I sigh when I hear the Messiah.
It’s a work that just doesn’t inspiah.
Give me Bach any day.
Rather see the ballet!
So enough Hallelujahs! Oh, myah!

Update: My pal Bill Nothstine points me to this Flash Mob performance of the Messiah’s Hallelujah Chorus. And I have to agree with him — if you’re going to see any of the Messiah, this is the way to do it.

Just In Time For Mother’s Day…

Thursday, May 6th, 2010

I hope you’ll join me in writing a limerick with this first line:

A hard-working mother named May…

Here’s mine:

Just In Time For Mother’s Day
By Madeleine Begun Kane

A hard-working mother named May
Had three children and twins on the way.
When her spouse heard the news,
He guzzled some booze
And grumbled, “I should have been gay.”

Please feel free to write your own limerick using the same first line and post it in my comments. And if you’re on Facebook, I hope you’ll join my friends in that same activity in my Limerick-Offs.

Related Post: Mother’s Day Limericks

Happy Birthday Limerick For My Brother, Arthur Begun

Monday, April 5th, 2010

April 6th is my brother Arthur Begun’s birthday. So I thought I’d write him a happy birthday limerick:

Happy birthday, dear brother, you’re old,
Though you’re younger than I, truth be told.
You’re a relative pup.
You refuse to catch up.
But as sibling, you’re better than gold.

Poodle Musings, Holiday Thoughts, & Mad Kane Video

Tuesday, November 27th, 2007

I hope you all had a great Thanksgiving! And now that Thanksgiving’s over, have you finished shopping for holiday gifts yet?  And braced yourself for your office Christmas party?  And how’s that list of New Year’s resolutions coming? 

Aren’t holidays fun?

But getting back to the world of poetry, Totally Optional Prompts has asked for animal poems.  So here’s a very short one:

My parents’ poodle—
Their beloved pet,
The grandchild I denied them.

For a much lighter look at the same subject, here’s my humorous essay called A Poodle Tale.

Last, but not least, I’ve just start creating short humor videos starring — you guessed it — moi!
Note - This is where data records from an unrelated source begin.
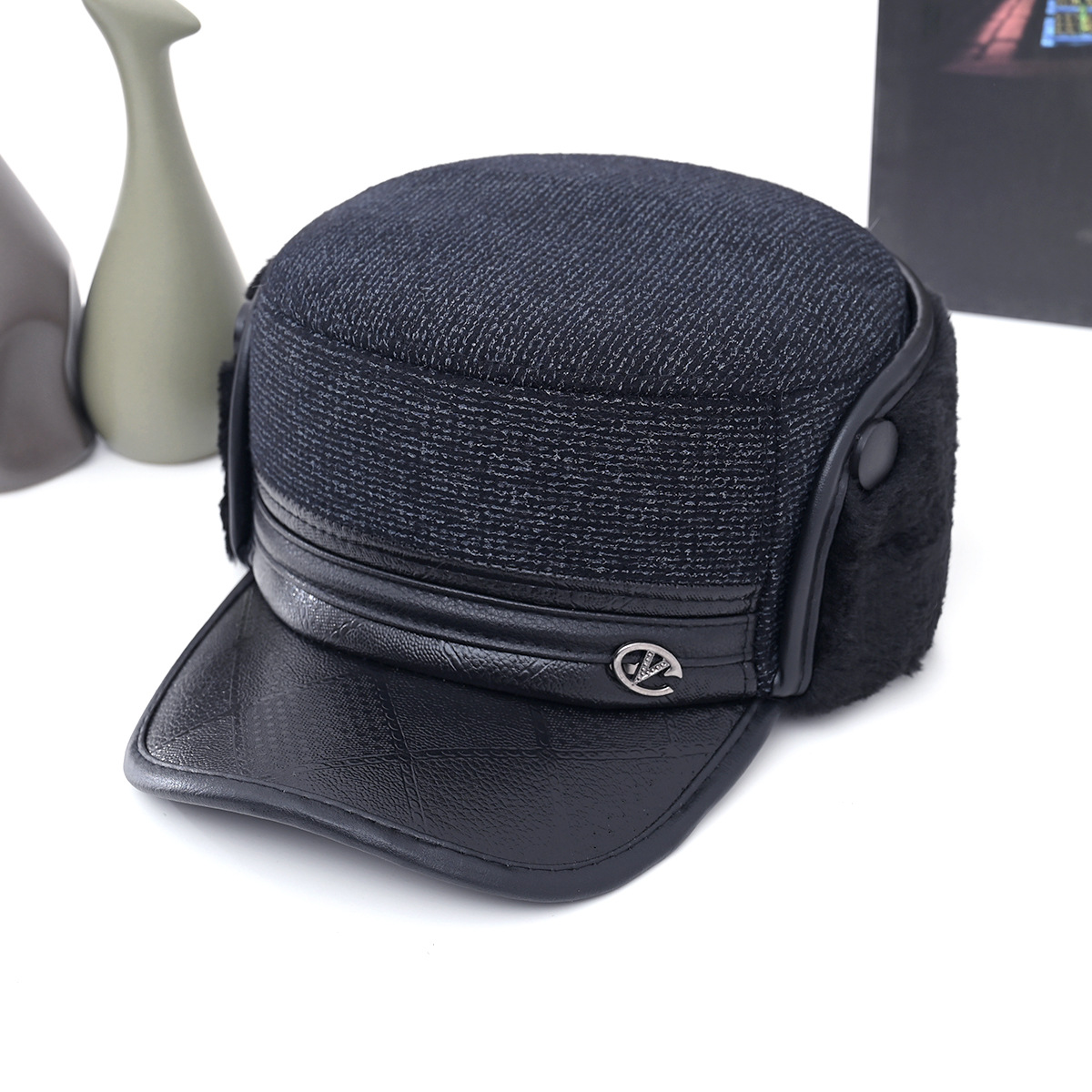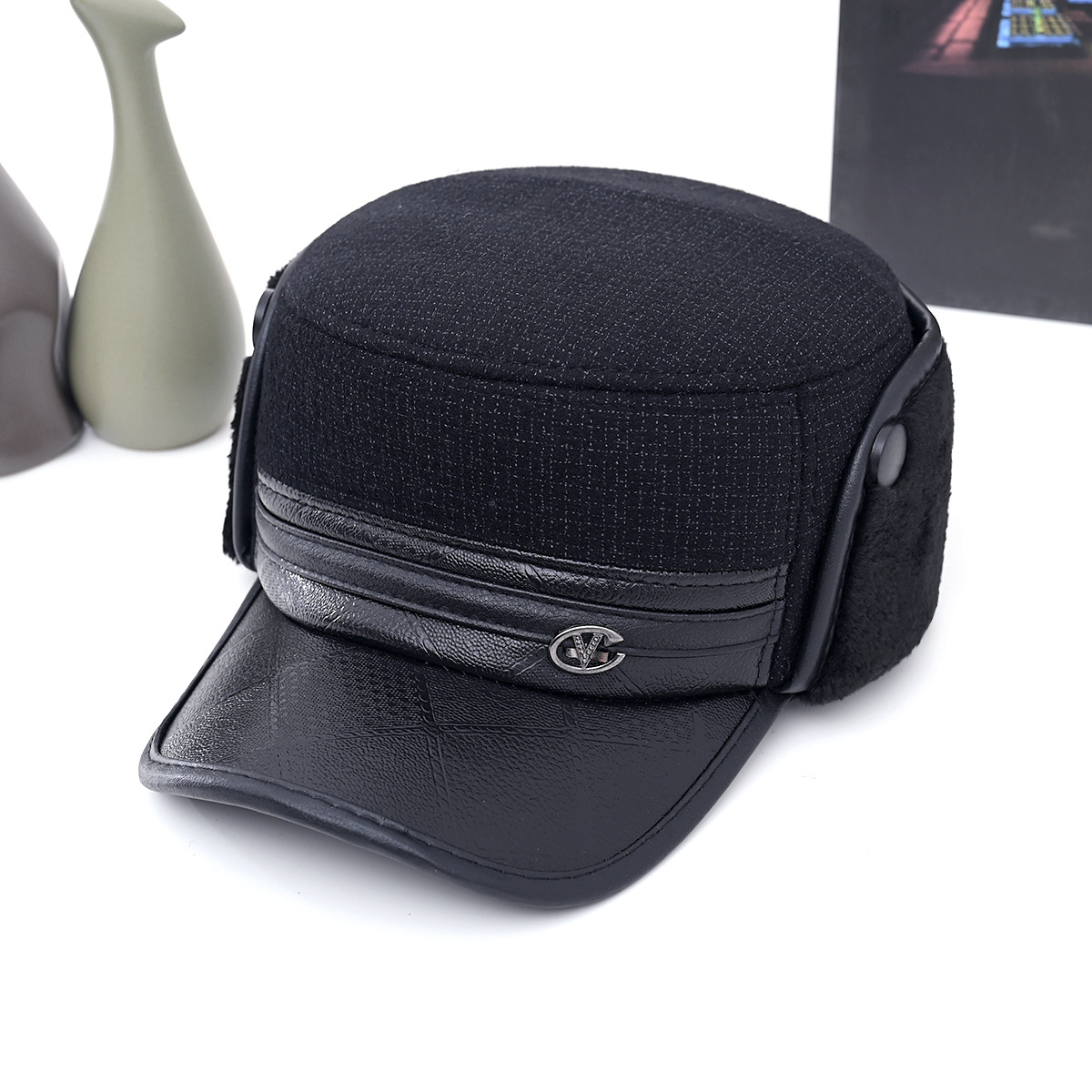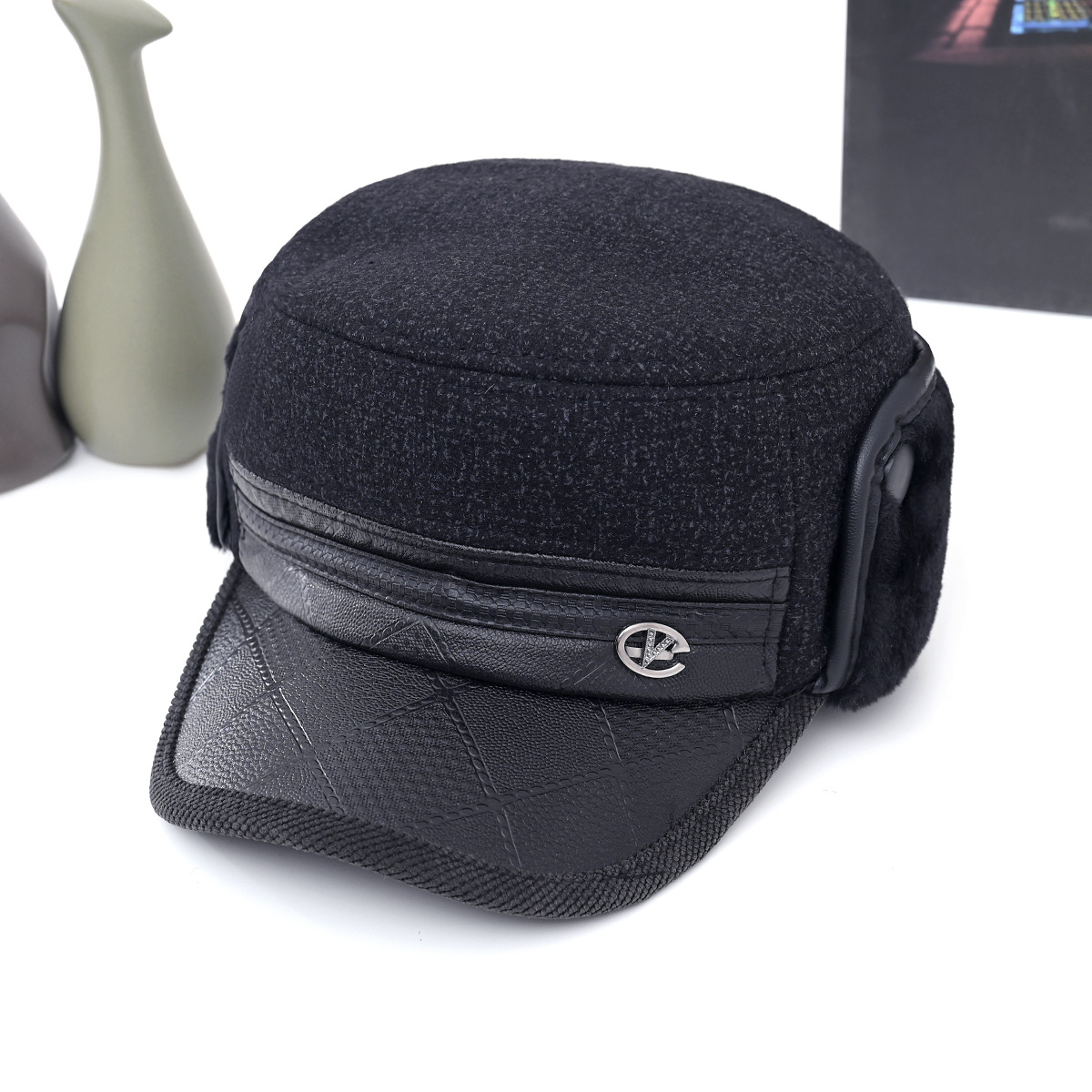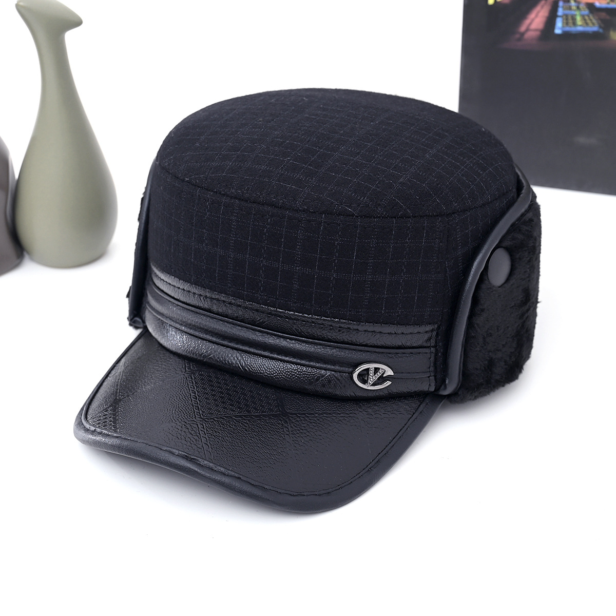 冬中老年帽男士爸爸爷爷保暖平顶棉帽老头加绒加厚护耳防寒鸭舌帽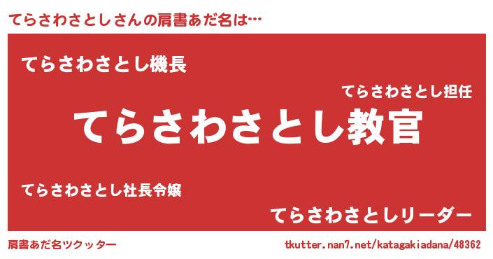 | ヘコむあだ名 | 『てらを』『てらさわさとし(遠い目)』 |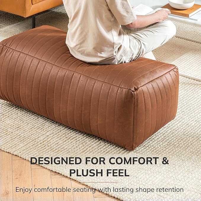 Anji Mountain 100% Handmade & Handcrafted Comfortable Home Décor Bench Pouf Ottoman Footrest for Living Room, Bedroom, Nursery, Kidsroom, Patio Furniture - (42" x 22" x 17" - Cognac)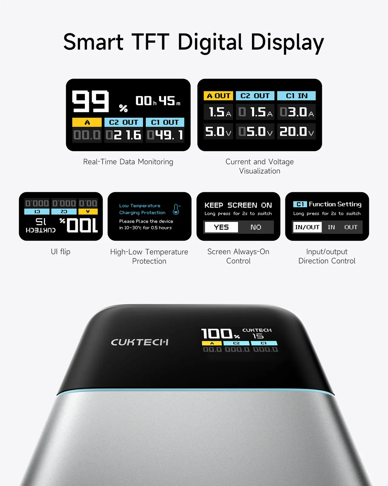 Użytkownicy mogą monitorować ładowanie w czasie rzeczywistym za pomocą wbudowanego wyświetlacza, który może śledzić minuty użytkowania, poziom naładowania power banku oraz poziomy prądu i napięcia dla każdego portu.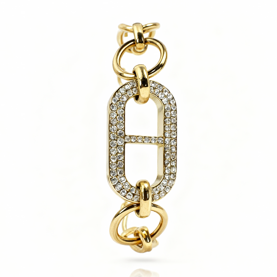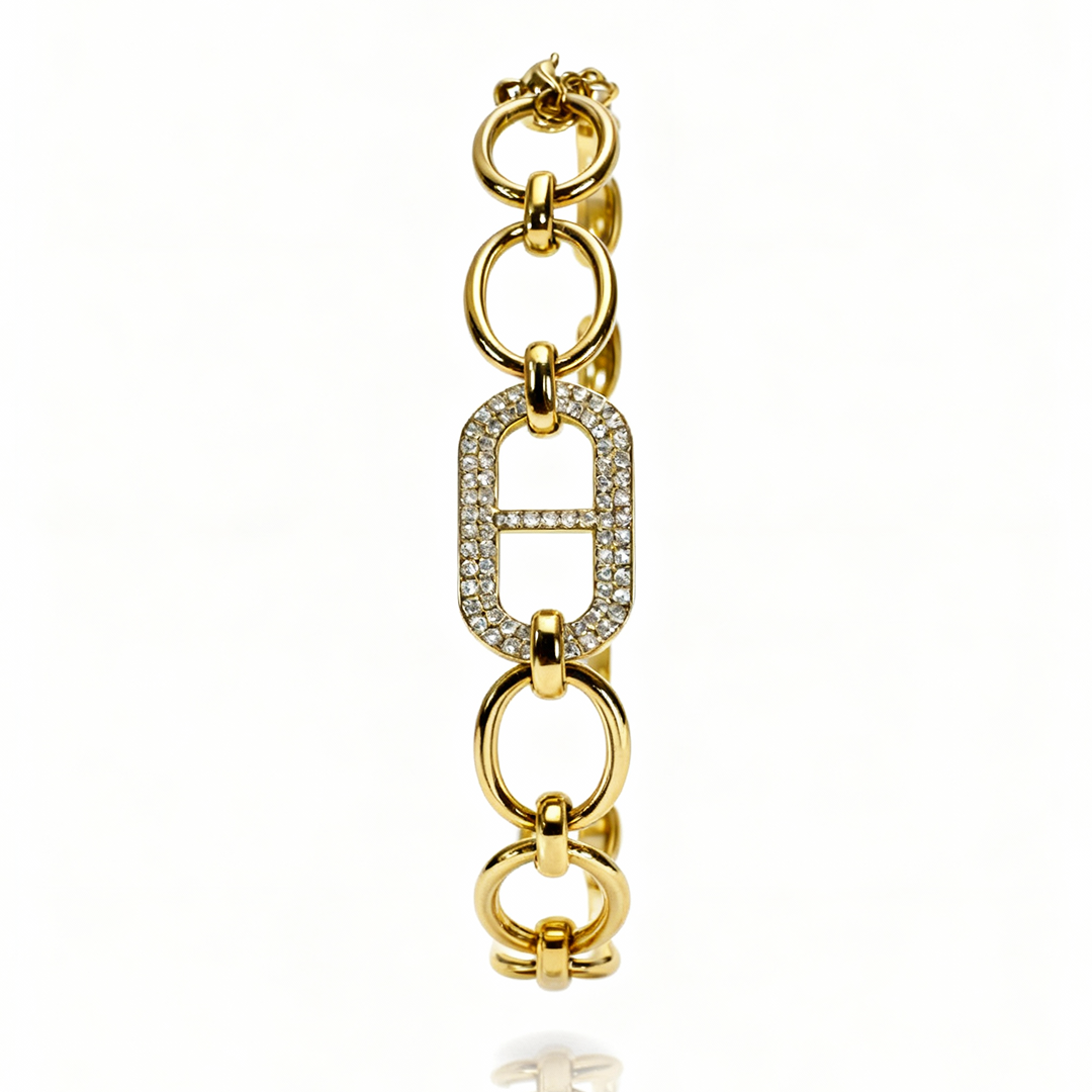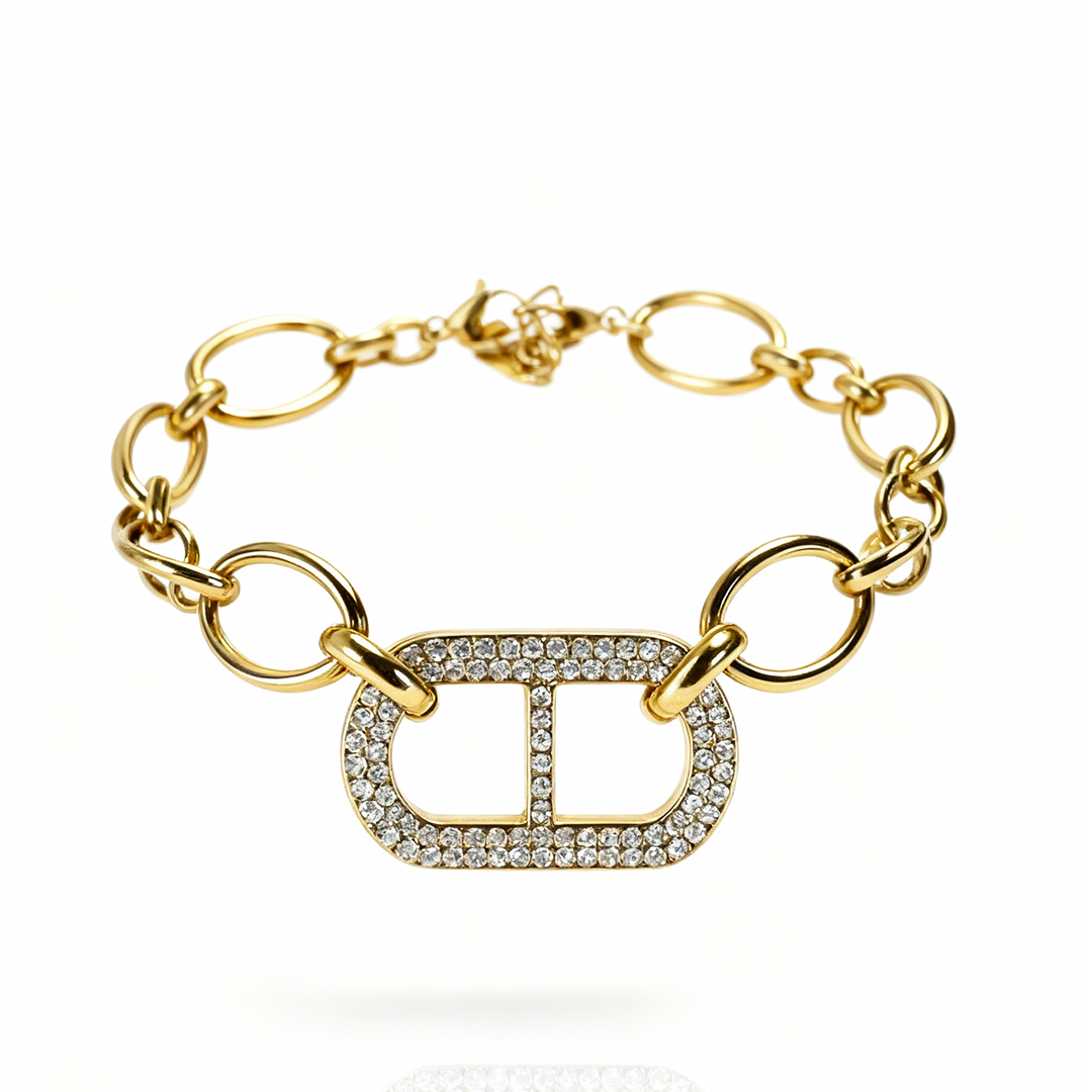 A Pulseira Matrona é a sua peça de poder e luxo contemporâneo. Esta corrente é composta por elos ovais polidos que conduzem o olhar ao seu elo central cravejado, que irradia um brilho total e intenso. O design arrojado, que remete à nobreza e ao matriarcado, torna-a um statement de distinção imediata.

So if you get a chance please check out My Family Needs Me on my other blog.

Mother’s Day Limerick Contest Results — And The Winners Are…

Sunday, May 13th, 2007

Thanks to all of you who participated in this, my second limerick writing contest. (And yes, another contest will be coming soon.)

The response to my Mother’s Day limerick contest exceeded my wildest hopes – 87 poems were submitted. Your delightful entries and enthusiasm has made this a fun experience for me and, I hope, for you.

Before I announce the winners, I want to thank contest sponsor Billy Jones a/k/a Billy The Blogging Poet, who is providing prize matching funds.

And speaking of prizes, I’m awarding (including the matching funds) a First Prize ($50 in PayPal cash), a Second Prize ($20 in PayPal cash), and four Honorable Mentions. And the winners are…

FIRST PRIZE goes to Mephistopheles for a limerick that made me laugh out loud:

When you’re shrunk by one shrink or another,
‘Cause you’re pissed at your sister or brother,
Does your tongue tend to trip
In a Freudian slip—
Saying one thing while meaning your mother?

SECOND PRIZE goes to Peter Sheil for this moving tribute to his mother:

“It’s the hospital here, please come fast!”
There we sat, with our thoughts from the past.
At the side of her bed
Nothing more could be said.
One short breath … then one more … then her last.

And four HONORABLE MENTIONS go to (listed in submission order):

Jesse Frankovich:
My mommy is loving and caring,
Only sometimes a bit overbearing:
“Make your bed! Clean your room!
Mow the lawn! Don’t presume
You can play all day long! And stop swearing!”

A mother is patient and kind,
Forgiving, forbearing, refined;
But mind if she cracks,
When stressed to the max,
‘Cos she’ll wallop your sorry behind.

As a baby I loved my dear mother
‘Till she gave me my sweet little brother.
But hang on there mum
What’s that lump in your tum,
O.M.G. is she baking another?

Mary Lou Healy’s The Steamy Novel:
That marvelous mother of mine
Thought my penchant for reading was fine.
She gave me a book.
Before letting me look,
Ripped out eighty through page eighty-nine!

Congratulations to all the winners, and thanks again to everybody who participated. (You can read all of the entries here.)